_DATA SECTION_:

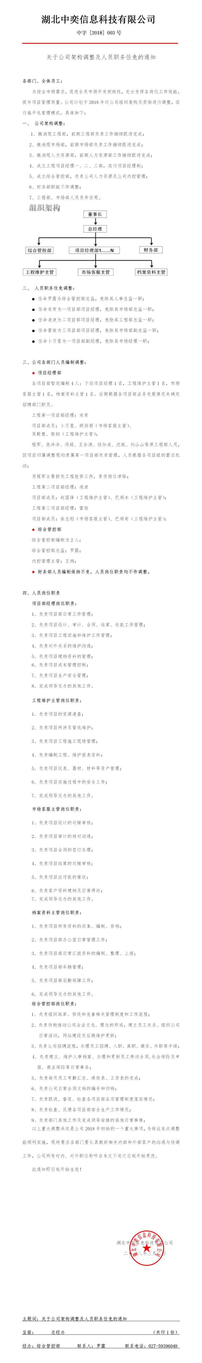 2018-002号--关于公司架构调整及人员职务任免的通知
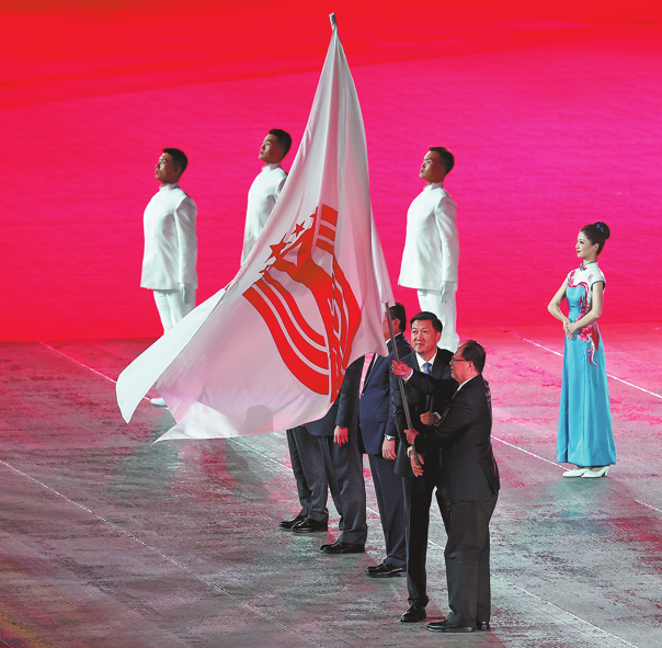 The National Games flag is handed over from Guangdong-Hong Kong-Macao to Hunan province, which will host the 16th National Games in 2029. (AN LINGJUN/FOR CHINA DAILY)
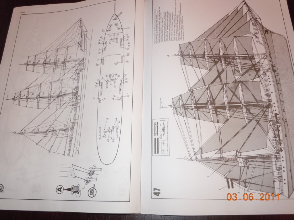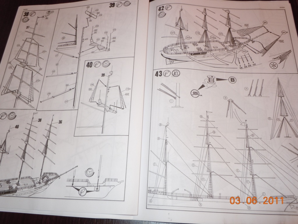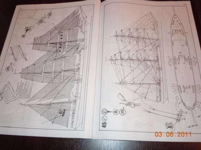 Порадовало присутствие нагельных планок и план укладки снастей, в то же время производитель дает весьма косолапую версию крепления снастей на самих парусах (стр. 44-45-46). И здесь без литературы не обойтись. В книге Цурбана "Парусно-моторные суда" есть пример трехмачтовой баркентины, можно воспользоваться другими источниками для трехмачтового барка.
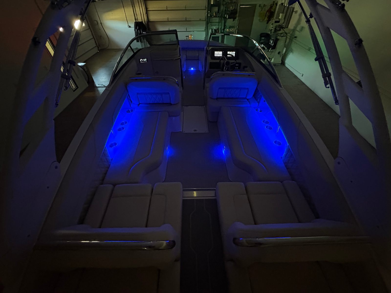 At the heart of this Bowrider is a powerful single engine delivering 350 horsepower, ensuring exhilarating acceleration and smooth cruising. With only 251 engine hours, this Regal LS6 has plenty of life left for countless adventures. The robust engine provides the muscle you need for watersports, fast cruising, or simply enjoying a spirited ride across the lake. Regal’s engineering ensures that the LS6 handles with precision and confidence, making it a joy to pilot whether you’re navigating tight turns or cruising at higher speeds. The combination of power and efficiency makes this Bowrider boat for sale a standout in its class.
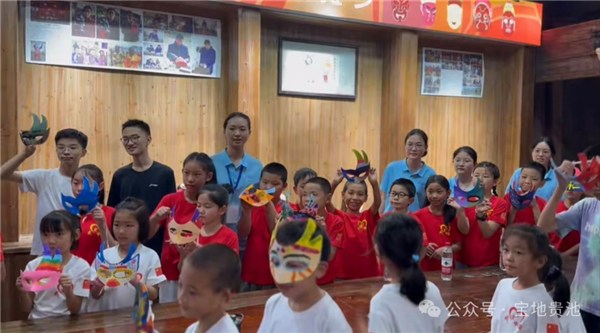 8月8日,馬衙街道金山村新建成的金山農(nóng)事服務(wù)中心2號樓熱鬧十足,馬衙街道首屆暑期托管班成果匯報演出暨表彰典禮在這里舉辦?!皩O女第一次上臺,看她抬頭挺胸的樣兒,太可愛了!”擠在過道里的金山村王大爺喜笑顏開地舉著手機(jī)為孫女錄像。談起本次托管班中印象最深刻的課程,現(xiàn)場的孩子們紛紛打開了話匣子:“我最喜歡用黏土做文物的那節(jié)課!”金山村吳芠萱小朋友對秀山門博物館講師帶來的“解碼池州·行走的文化地圖”巡講歷歷在目;“我現(xiàn)在是家門口老祠堂的小小講解員啦!”姜梓軒大聲匯報,他通過碧山社區(qū)志愿者吳星能設(shè)計的“古建筑拼圖”課學(xué)會了本地老宅的榫卯技藝……
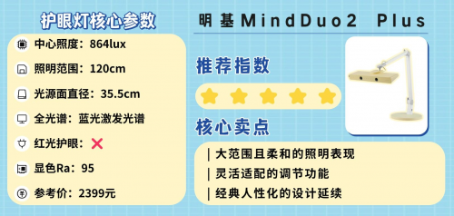(2)明基MindDuo2Plus:配备了自动调光、入座感应自动开灯和定时提醒等功能,可以培养良好的用眼习惯。灯臂调节较为灵活,光线输出也较为柔和均匀。
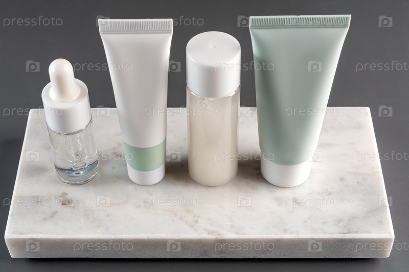 Набор макетов упаковки белой косметической продукции. Профессиональный макет косметического набора для презентации продуктов на мраморном подиуме на черном фоне. Минимализм

_YOUR TASK_:
Copy the line showing "(2)明基MindDuo2P" exactly, along with each line after it through the end of the material above. Pictures stay out.

_ANSWER TO THIS TASK_:
(2)明基MindDuo2Plus:配备了自动调光、入座感应自动开灯和定时提醒等功能,可以培养良好的用眼习惯。灯臂调节较为灵活,光线输出也较为柔和均匀。
 Набор макетов упаковки белой косметической продукции. Профессиональный макет косметического набора для презентации продуктов на мраморном подиуме на черном фоне. Минимализм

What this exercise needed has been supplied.